Cloud adoption has revolutionized how business is done, but it has also opened up new avenues for adversaries. The numbers are staggering: Cloud breaches are set to increase 75% in 2023, according to CrowdStrike’s 2024 Global Threat Report. The report highlights a shift in the threat landscape, as adversaries expand their targets to include new and more sophisticated attack surfaces such as applications, data services, and AI models.
This rapidly evolving environment requires a unified, intelligent approach that can keep up with modern attacks. Traditional security tools, often fragmented and disconnected, simply can’t provide the comprehensive visibility and rapid response that security teams need. We’ve taken strategic steps to build a platform that not only detects threats, but fully understands them in context and stops them before they can cause damage.
Enhancing Cloud Security: Unifying Data, Applications, and AI to Completely Address Threats
As we move deeper into this new era of cloud security, it’s become clear that staying ahead of complex threats requires more than siloed defenses.

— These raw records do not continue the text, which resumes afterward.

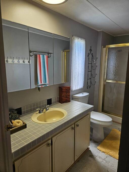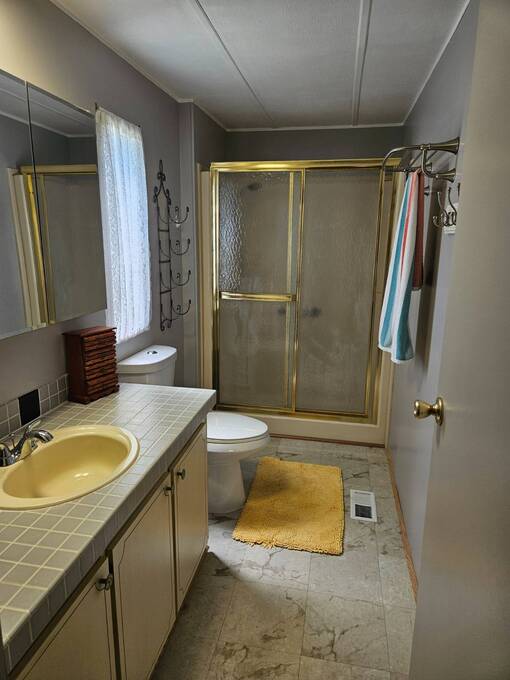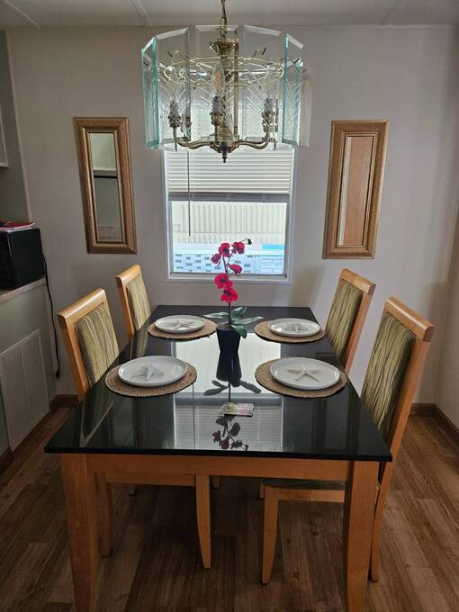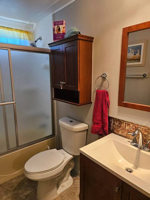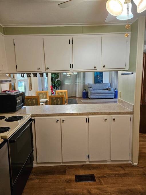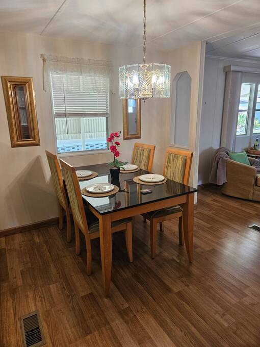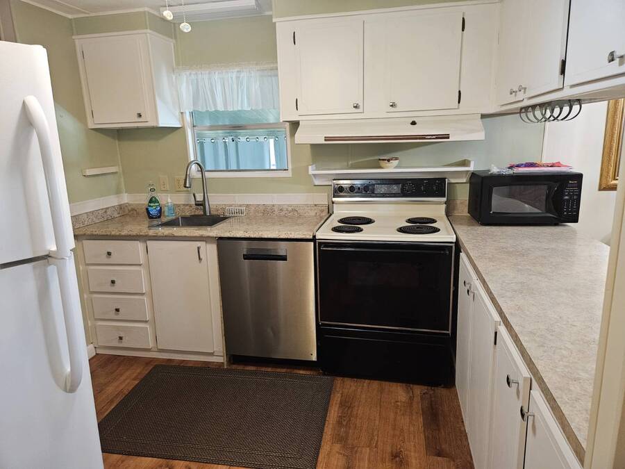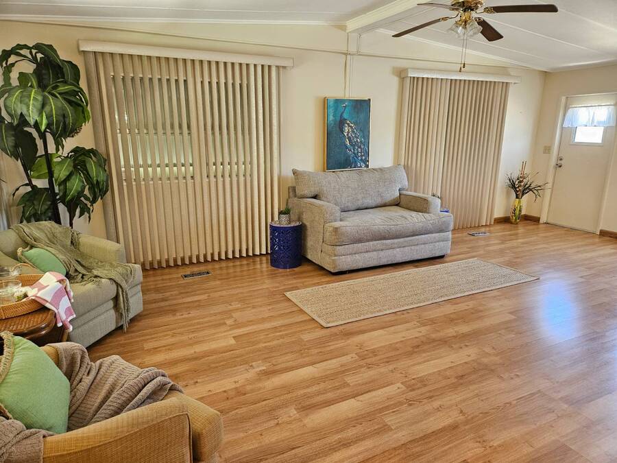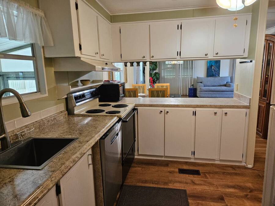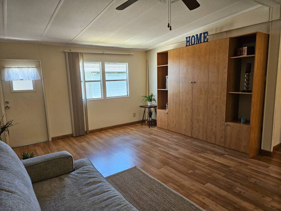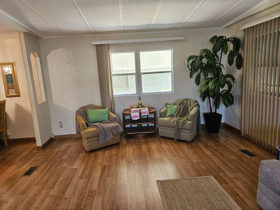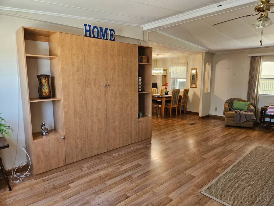 Welcome to this beautifully maintained home in Oak Bend - 55+ Community Come see this clean, inviting, and move-in ready home located in Oak Bend, a highly desirable 55+ community just one mile from the Gulf! Oak Bend offers one of the lowest monthly lot rents around and features a pet-friendly environment (2 pets, no size restrictions), a gated entrance, clubhouse, pool, shuffleboard, laundry room, and monthly community activities. Conveniently located near Bayonet Medical Center, shopping, and restaurants. Home Features: Spacious Master Bedroom - fits king-size furniture, walk-in shower, large closet Large Guest Bedroom with full closet Second Full Bathroom Open Concept Kitchen - tons of cabinets, generous counter space, plus separate dining area Bright Living Room - large enough for a sectional, includes a queen-size Murphy bed (stays) Screened Lanai - perfect for relaxing or entertaining Indoor Laundry Area - added convenience Recent Updates: Dishwasher - less than 6 months old A/C - only 1 year old Hot Water Heater - less than 1 year old Roof sealed (2 years ago) with Lanco Ultra Siliconizer - approved for High Velocity Hurricane Zones, 78% sun reflectivity to keep interior cooler and help reduce energy costs Additional Features: Covered Carport Side Screened Lanai with automatic exhaust fan for comfort Extra Storage Shed This home checks all the boxes-spacious, well-maintained, and loaded with upgrades-all in a friendly, active 55+ community.
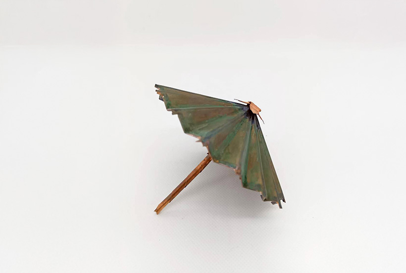金属の板を使った「折り鶴」づくり。
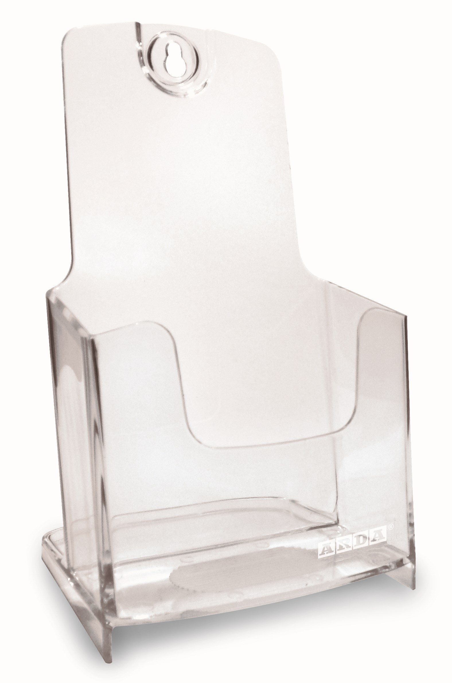 Esiteteline lentolehtisten, esitteiden, aikakauslehtien ja muiden esillepanoon. Valmistettu lasikirkkaasta polystyreenistä.
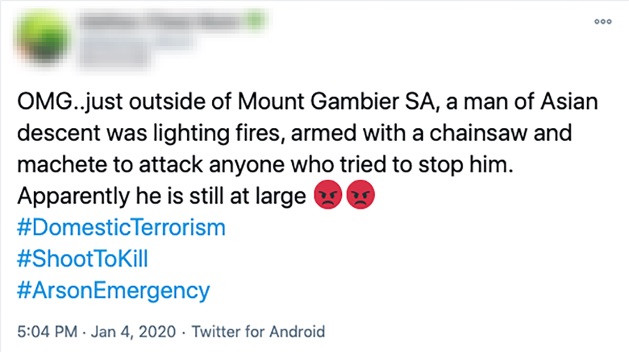 In this network I observed a worrying amount of problematic content that bumped up against, and in some cases went over, the margins of hate speech, racism and incitement to violence. The example above shows a tweet of an unsubstantiated claim that a “man of Asian descent” was lighting fires – notably, it includes the hashtags #DomesticTerrorism and #ShootToKill. This is an attempt to legitimise the use of violence against particular sub-groups, which fits alongside other baseless claims that other groups such as environmentalists and Muslims were conspiring to light bushfires on purpose.
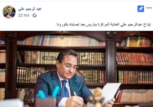 نشرت صفحة الإعلامي والبرلماني المصري عبد الرحيم علي خبراً أشار إلى إصابته بالمرض الناتج عن عدوى فيروس كورونا المستجد. وجاء في المنشور: "إيداع عبد الرحيم علي العناية المركزة بباريس بعد إصابته بكورونا".

A USPM approach, which provides a comprehensive view of infrastructure, applications, data, identity, and AI, is critical. Falcon Cloud Security’s latest advancements, powered by the acquisitions of Flow Security’s Data Security Posture Management (DSPM) and Bionic’s Application Security Posture Management (ASPM), unify DSPM, ASPM, and AI Security Posture Management (AI-SPM) to deliver comprehensive protection across every layer of your environment.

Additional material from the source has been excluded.